Comment by CircleChange11 — October 27, 2010 @ 11:07 am
Buster Olney just tweeted that CJ Wilson is “mashing” and spraying line drives to all fields. Think there’s any chance Washington was taking Wilson’s hitting prowess into account? Or, perhaps more importantly, *should* Washington take something like that into account?
Comment by Sprezzident — October 27, 2010 @ 11:16 am
Interesting idea to get the whole large sample size in. I must admit, though, that while it may display Wash’s thinking, it doesn’t justify it as we all know that Holland has been WAY better than Hunter out of the ‘pen.
Comment by Matt Defalco — October 27, 2010 @ 12:40 pm
I can’t imagine this was the only reason-but apparently CJ Wilson can really hit according to Buster Olney and some scouts…maybe trying to maximize production from pitcher’s spot
I think Ron is making a (small) mistake going Wilson-Lewis but is making the right choice going with Hunter in Game 4.
First, as philkid said Ron loves his roles and “using what got us here.” Also, Wilson didn’t get a hit in interleague play this year but he was a strong hitter in college and is generally considered to be a fairly good hitter for a pitcher. Of course, Lewis is also a decent hitter, posting solid numbers this year and the last two years in Japan.

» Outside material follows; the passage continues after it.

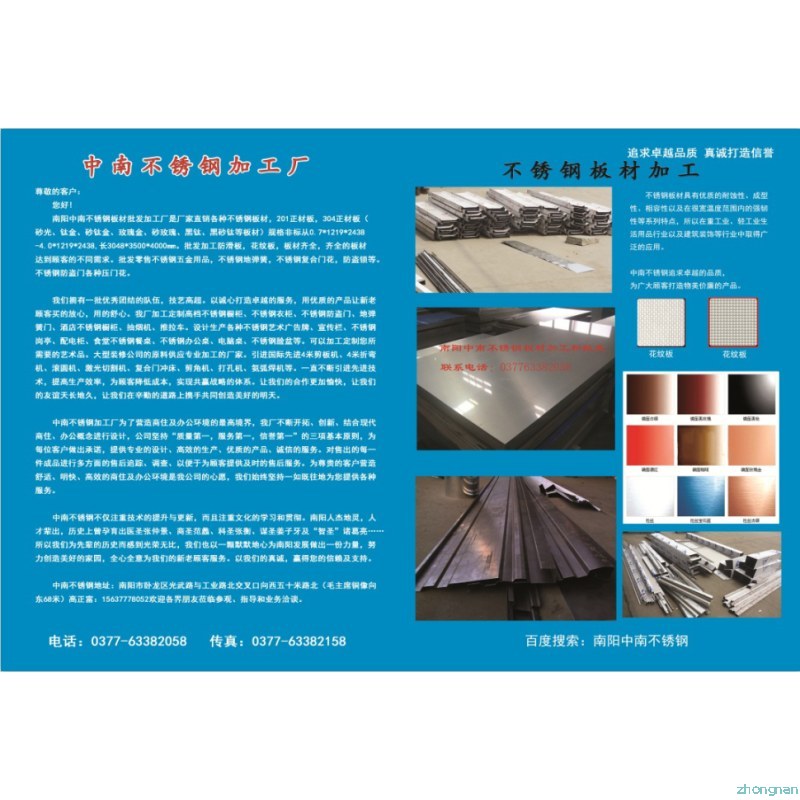 南陽中南不銹鋼板材批發(fā)加工廠

Hunter in Game 4 is the right call though, I think. Lee has never pitched on short rest and the reward doesn’t outweigh the risk of finding out how that would go for the first time during the World Series. The advanced stats are obviously down on Hunter as they should be, but the Giants are a team he should be able to have success against. Add to that the benefit of Holland coming out of the pen and I think the argument is made.